Gabrielle Ceraldi is sure it is a perfect fit for today’s generation of Western students.
A Western English professor, she is excited to teach The Many Faces of Harry Potter, a semester-long course that will look at all seven books of the series, alongside thematically related short works of fiction, like George Orwell’s 1984.
“In the last four years or so, there’s been more in-class engagement with the (Harry Potter) books. The clamor for this course gets stronger each year; the level of interest is extraordinary,” said Ceraldi, who has been teaching Children’s Literature for more than a decade, from year-to-year including Harry Potter and the Philosopher’s Stone or Harry Potter and the Prisoner of Azkaban.
“These are the students who grew up reading the series. It was written for them and they are the perfect generation for it. It wasn’t just an individual reading experience for them – all of their peers were reading it – they were experiencing it collectively. It was a formative influence on their lives.”
The day she teaches Harry Potter in class, she sees many new faces, with students bringing their friends along for the lecture.
Ceraldi wanted to delve deeper into the series with her students than she could just teaching one text out of the series’ context in her Children’s Literature class. She was thrilled when she got the green light to teach the new class.
“I love the books. I came to them as an adult, without having had the experience of growing up alongside them. But the series belongs to the generation of students attending Western right now. I wanted to be able to offer this course, sooner rather than later,” she said.
From Yale to UCLA, Potter classes have been popping up across the globe in recent years covering the boy wizard’s relationship with topics ranging from theology and psychology to library science and English comedy.But enthusiastic students and skeptics alike – those thinking this will be a ‘bird course’ – need not be quick to undermine the merit of a class dedicated to Harry Potter books, Ceraldi continued.
“First of all, there will be a lot of reading – they’re big books, all seven of them. And the main misconception is that the difficulty of comprehending the text is related to the difficulty of analyzing it,” she said.
“The books can be accessible and enjoyed by young children, but there are additional challenges they pose. The more we understand political theory, philosophy, the more we are able to appreciate them.”
Ceraldi noted she is particularly fascinated by J.K. Rowling’s emphasis on racism and social class in the series, adding she is interested in looking at how the author introduces more sophisticated notions such as these as the series progresses.
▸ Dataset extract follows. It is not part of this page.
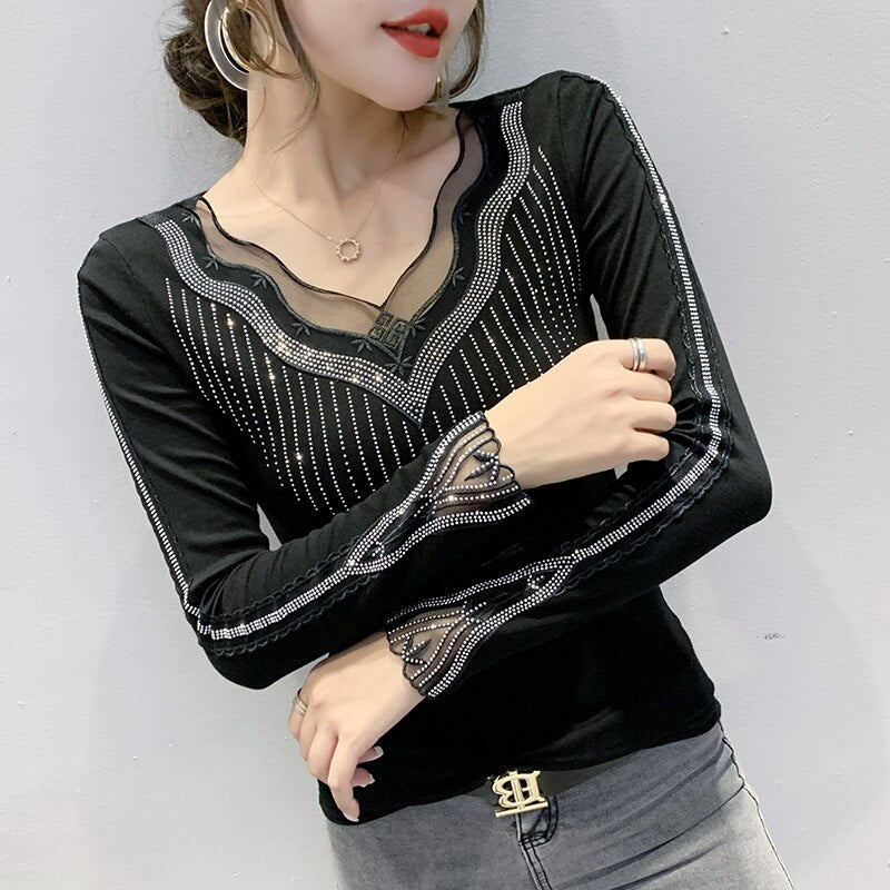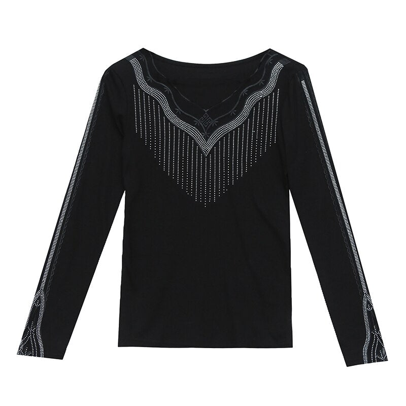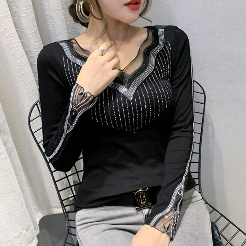 New 2020 Autumn Women Tops Fashion Casual Long Sleeve V-Neck T-shirt Elegant Slim Diamonds Black Plus Size Women's tshirts

“The issues get more and more complicated as the books progress – and they aren’t easy issues. The books draw out some of the psychology of racism and tolerance. The issues are rooted in people’s fears,” she said.
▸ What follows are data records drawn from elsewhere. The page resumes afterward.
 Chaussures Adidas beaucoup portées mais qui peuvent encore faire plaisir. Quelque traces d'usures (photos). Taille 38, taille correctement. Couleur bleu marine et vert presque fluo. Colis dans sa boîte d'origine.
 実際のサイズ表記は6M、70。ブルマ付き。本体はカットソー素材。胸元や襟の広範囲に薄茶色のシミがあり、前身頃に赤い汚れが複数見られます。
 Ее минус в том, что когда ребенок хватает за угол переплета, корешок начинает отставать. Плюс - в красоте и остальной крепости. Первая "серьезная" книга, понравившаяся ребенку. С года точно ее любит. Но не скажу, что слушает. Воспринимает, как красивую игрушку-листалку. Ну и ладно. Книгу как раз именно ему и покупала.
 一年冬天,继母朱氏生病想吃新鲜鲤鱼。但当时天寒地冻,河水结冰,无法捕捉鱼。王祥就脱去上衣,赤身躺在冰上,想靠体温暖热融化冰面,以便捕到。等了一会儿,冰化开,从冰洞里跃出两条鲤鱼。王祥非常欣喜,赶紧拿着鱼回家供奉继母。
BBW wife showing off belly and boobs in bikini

What’s more, Ceraldi continued, because of the issues discussed and skills fostered, the class has academic merit beyond the subject matter of the books.
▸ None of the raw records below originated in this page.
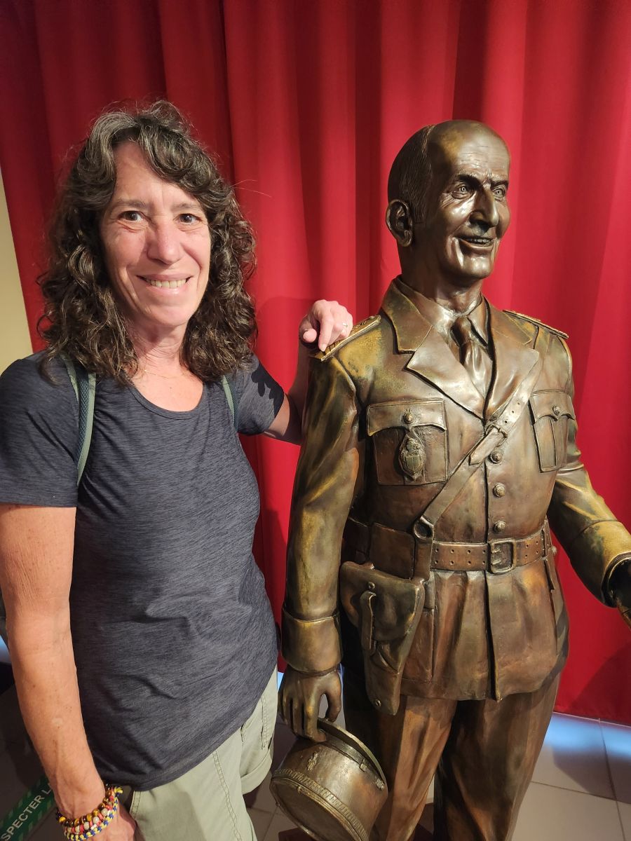 Leaving the citadel, we walk back into town to the Gendarmerie and Cinema museum located in the old Gendarmerie building. Even though we know nothing about French cinema, this turns out to be a great visit. Most of the first floor is devoted to a local French comedian/actor, Michel Galabru, who made a series of movies about Gendarmes beginning in the 1960s and continuing for 18 years. He sounds like he was the most interesting man – lots of stories (thankfully translated in English) about who he was, what he did in life and how he acted. It was really quite a fun exhibit. The 2nd floor had a whole room full of exhibits on the actual Gendarmerie, actual desks that were used there and an entire display about how the Gendarmes were conscripted, where they lived and how they came to build a barracks like building to house them all.
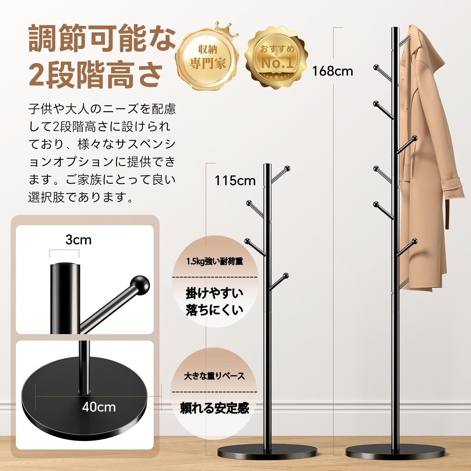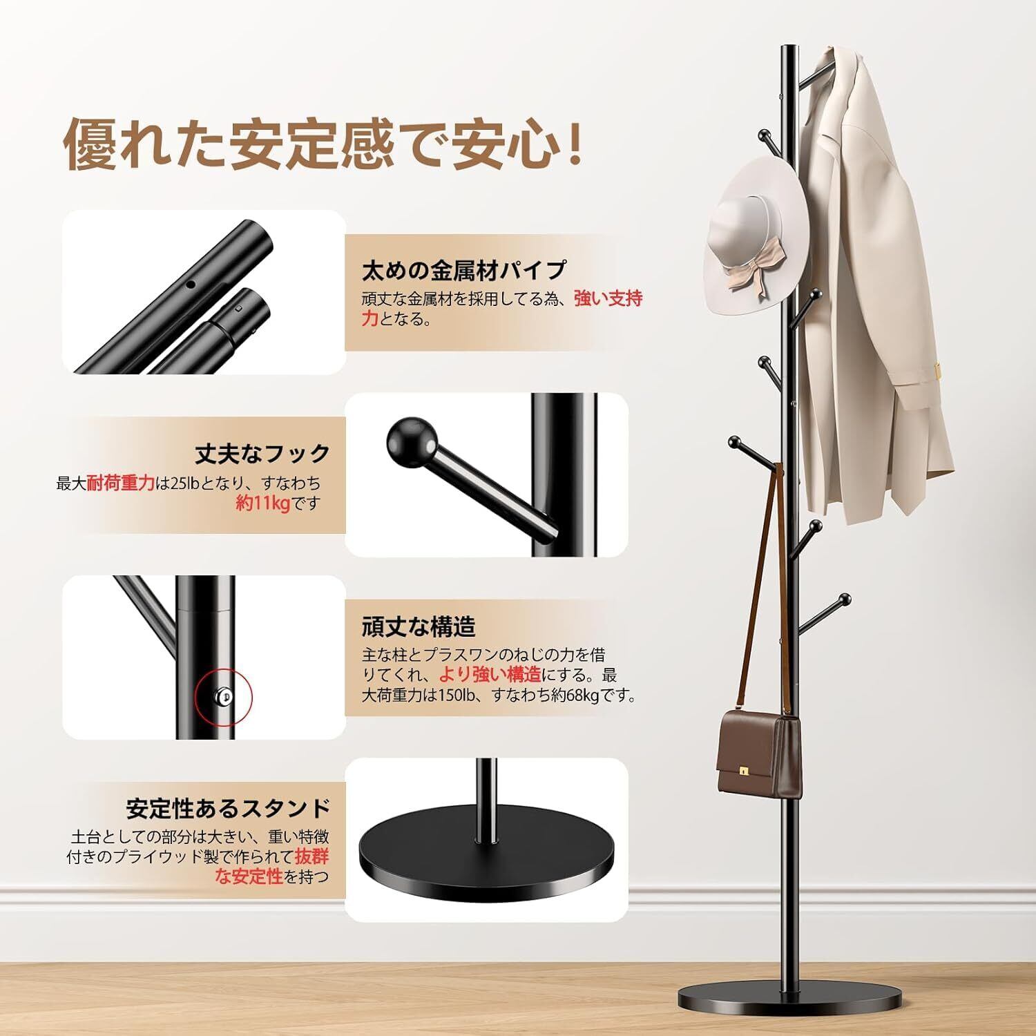 【超耐荷重・安定感のある円盤ベース】重さが約1.5kgだと、やや重めの円盤ベースに設計されており、重心がしっかりと支え、重めのコートやカバンを掛けても倒れにくく、安心して長くご使用頂けます。抜群な安定性だからこそ、荷重力も大幅に上がり、150LBS、68KGまで達してます
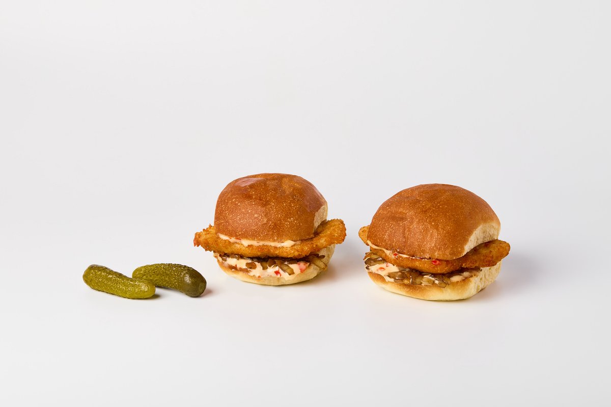 Тәтті-чили соусымен смэш-бургер Үйде жасалған картоп бөлкесі, қытырлақ тауық шницелі, қуырылған пияз және тәтті-чили соусы.
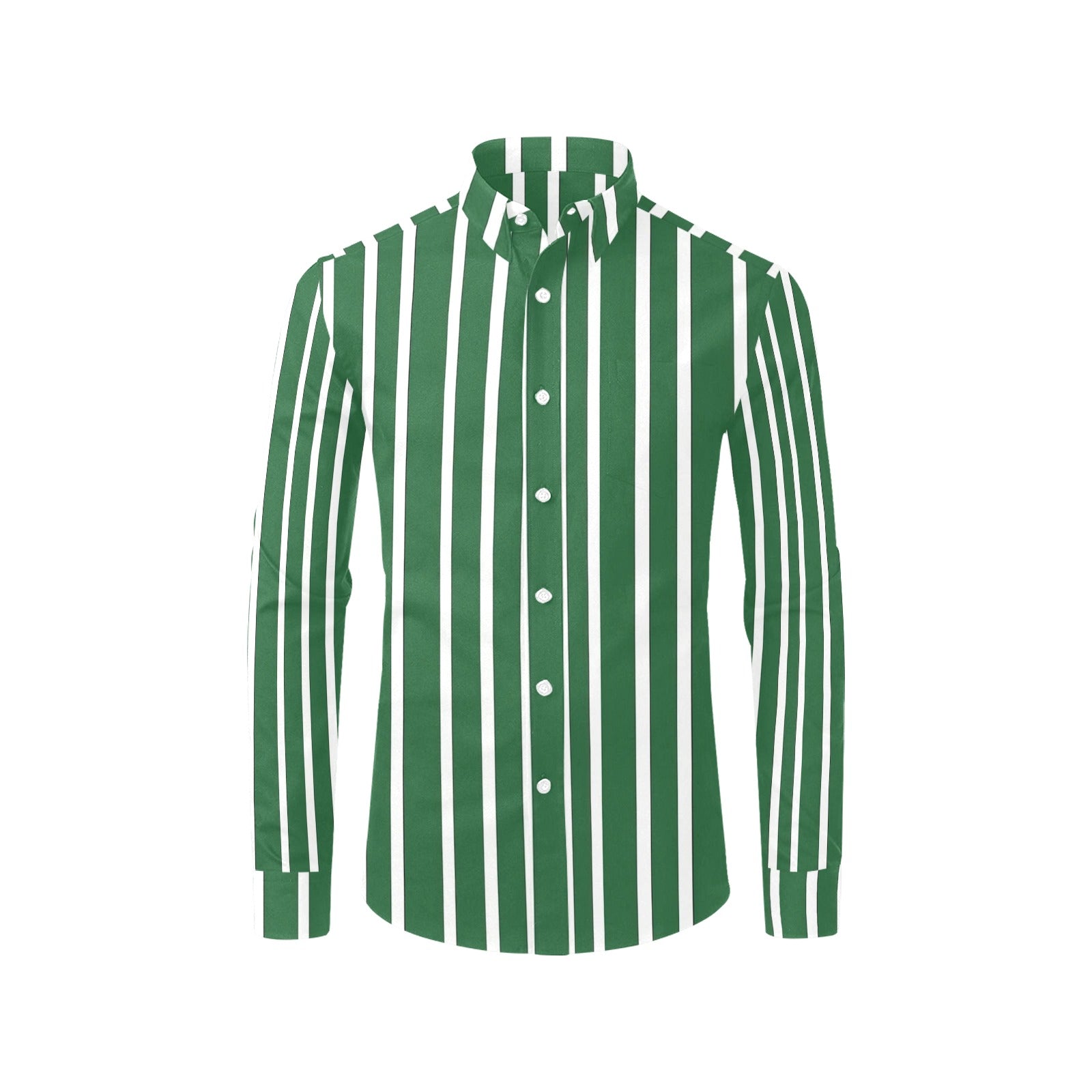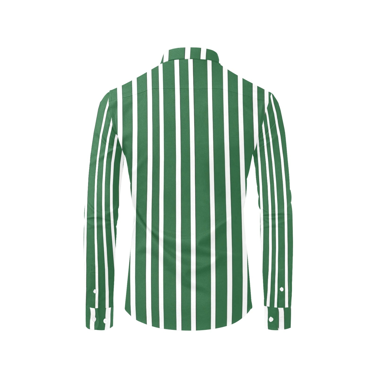 Green White Striped Men Button Up Shirt, Vertical Stripes Long Sleeve Buttoned Down Collar Male Guys Casual Dress Chest Pocket
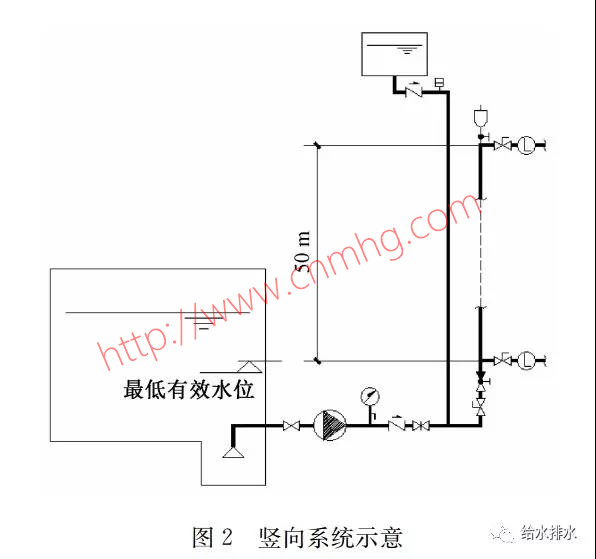 下面通過某建筑的自動噴水滅火系統(tǒng)運行的模擬,分析減壓孔板對系統(tǒng)的作用與影響。某建筑火災危險性為中危險級Ⅱ級,噴水強度8 L/(min·㎡),設計作用面積160 ㎡,火災延續(xù)時間1 h。各層平面及自動噴水滅火系統(tǒng)布置相同,最高層與最低層噴頭位置及泵房水池最低水位高差皆為50 m,最不利作用面積附近噴頭布置及計算示意見圖1,豎向系統(tǒng)示意見圖2。

“One of the most useful things I do is to prepare students not just to have jobs, but to be good citizens, to engage critically with pop culture. It’s one of the most valuable traits we have as citizens,” she noted.
“And children’s literature allows people to engage critically with some of the most powerful kinds of literature that exists. The books I read today for the first time, as an adult, I forget a year later. But I can remember to this day a book I read as a child. Children’s literature has incredible power – people respond to it because they feel it is part of their identity.”
The Many Faces of Harry Potter is a special topics English course, slated for the Winter Term in 2014. Registration – not granted by an owl – will be capped at 100 students.